The immediate priority is to secure a Miliband premiership via tactical voting. This would also lay the basis for an Anti Austerity Alliance. While the People’s Assembly is marginal. it could be strengthened by a strong tactical voting network for May 8th. In the immediate post election period, repealing the fixed parliament Act would be an essential first step. A coalition may be the outcome if there is no majority, but not for another five years. It has to be brought to an end when circumstances change, for another election to seek a majority. Otherwise we really will have the French Fourth Republic in the UK, with disastrous consequences.
Notes:
Weimar Republic 1919-1933
German constitution which was adopted in the town of Weimar as the capital Berlin was the seat of street fighting between the Communists and the Nationalist Far Right. These two forces made the years between 1919-1924 grim culminating in the hyper inflation of 1923-24 and the Hitler putsch in Munich. From 1924 the parliamentary system regained control as the revolutionary parties lacked the strength to take the government. From 1930 parliamentary government – the Reichstag – was undermined by the Great Depression and fighting entered into the building itself, Communists and the Nationalists both wanting to destroy parliamentary democracy to enact a revolution. The Nazis won in the face of a majority but divided left and in January 1933 Hitler became chancellor and wiped out the Weimar constitution.
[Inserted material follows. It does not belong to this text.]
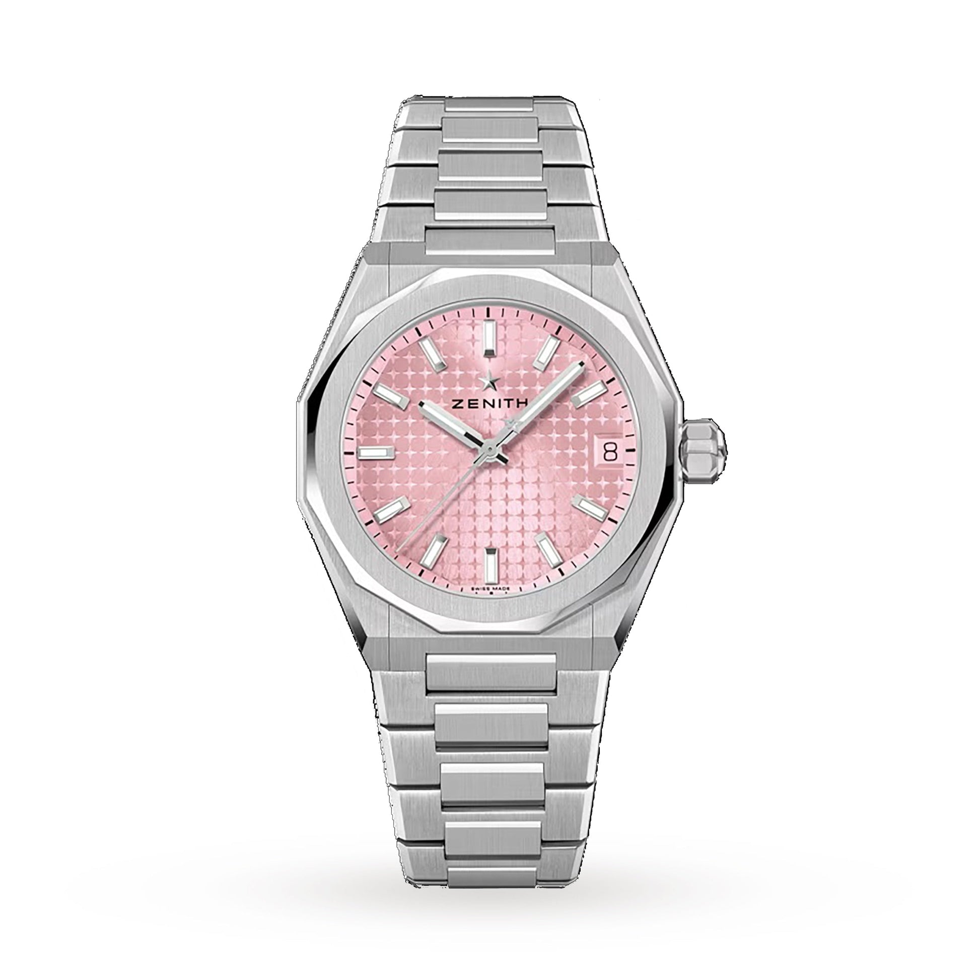 Defy Skyline – the Defy for the new era Sleek and evocative design meets unprecedented function Presented in a 36mm steel octagonal case with a faceted bezel Pink sunburst-patterned dial revisiting the emblematic Zenith four-pointed star Driven by the Elite 670 automatic manufacture, 50 hour power reserve BREAK BEYOND THE BOUNDARIES OF THE CITYSCAPE Break beyond the boundaries of the cityscape and make a statement with the Defy Skyline collection- where modern design meets the relentless pursuit of individuality. Engineered for those who forge their own path, the models in this collection are characterised by bold silhouettes, geometrical dials and urban sophistication. Elevate your style and break free from the ordinary. ELEVATE AND EXCITE WITH A POP OF COLOUR TO A CLASSIC DESIGN Prepare to turn heads with this fresh interpretation of the classic DEFY Skyline, bursting with energy with an elegant flair. Embrace your inner fashionista as this model commands attention, at once brilliant, bold and chic. Tied up within a 36mm steel octagonal frame, adorned with a faceted bezel for a touch of class, this timepiece is a true showstopper. Featuring a metallic pastel pink sunburst-patterned dial, emblematic of the iconic ZENITH four-pointed star, this design captivates a timeless aesthetic for the modern world. Carefully crafted with more modest, unisex proportions to other models in this collection, this design offers a smaller fit to flatter any wrist. Unleash your inner fashionista with an interchangeable steel bracelet and pastel pink rubber strap, turning heads whatever the occasion. The sky is the limit with this elegant take on a classic design, boasting fractional precision, automatic movement, and a 50-hour power reserve for exceptional performance.
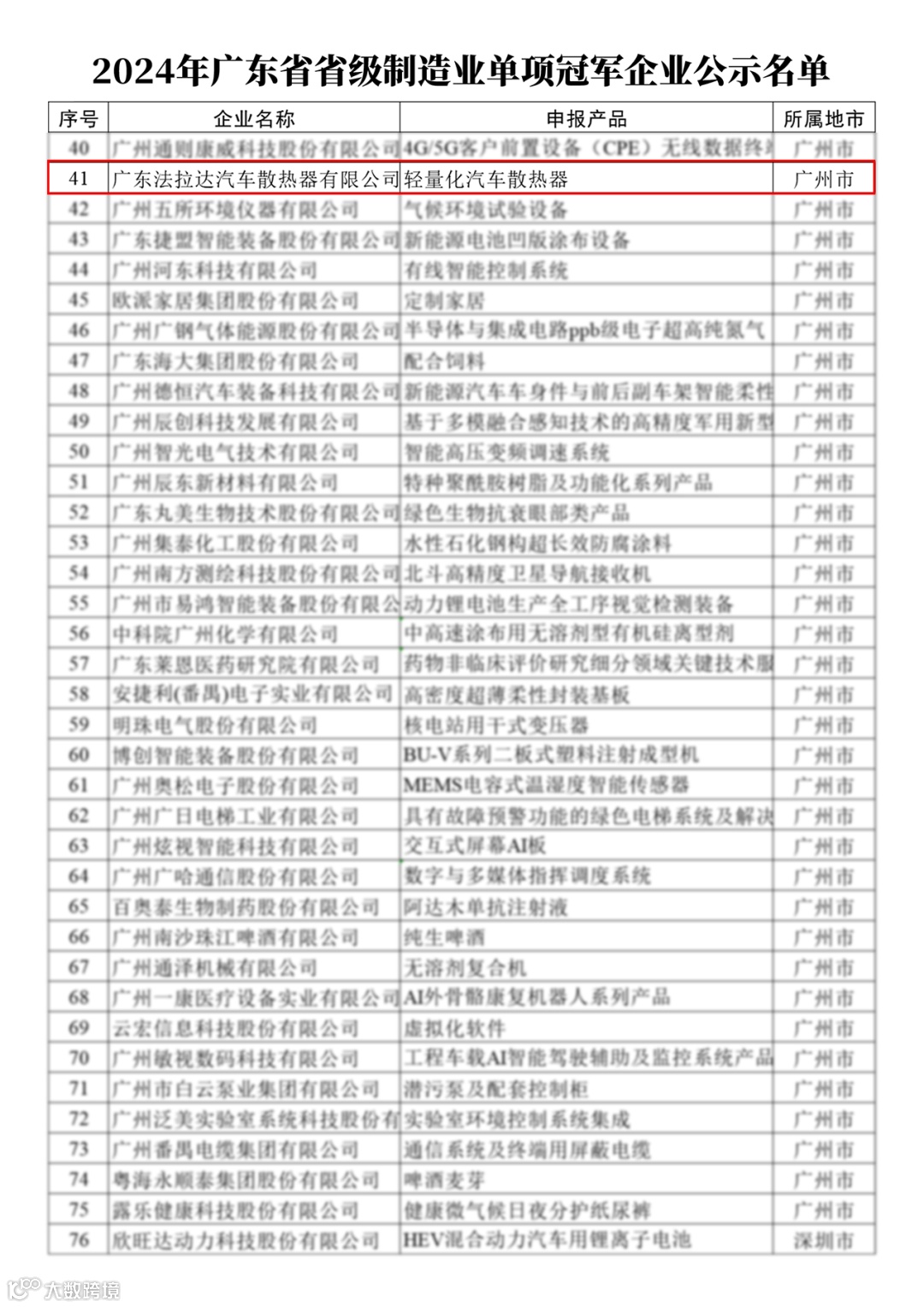 2024年广东省制造业单项冠军企业公示名单

French Fourth Republic 1946-58
French Constitution adopted 1946 against de Gaulle’s wishes, as he wanted a presidential system. De Gaulle quit politics despite leading the Free French in the second world war. A parliamentary system with a Prime Minister leading by parliamentary vote, not presidential mandate, proved unable to provide stable government with a plethora of parties, though there was no violence and communists generally worked with socialists. There were constant changes of government however – 21 in 12 years – and colonial questions proved increasingly difficult. The Algerian revolt and the Secret Army Organisation formed to fight it led to the collapse of the Fourth Republic and the return of de Gaulle as the only man who could defuse the OAS threat. He became President in a Fifth Republic constitution which survives today.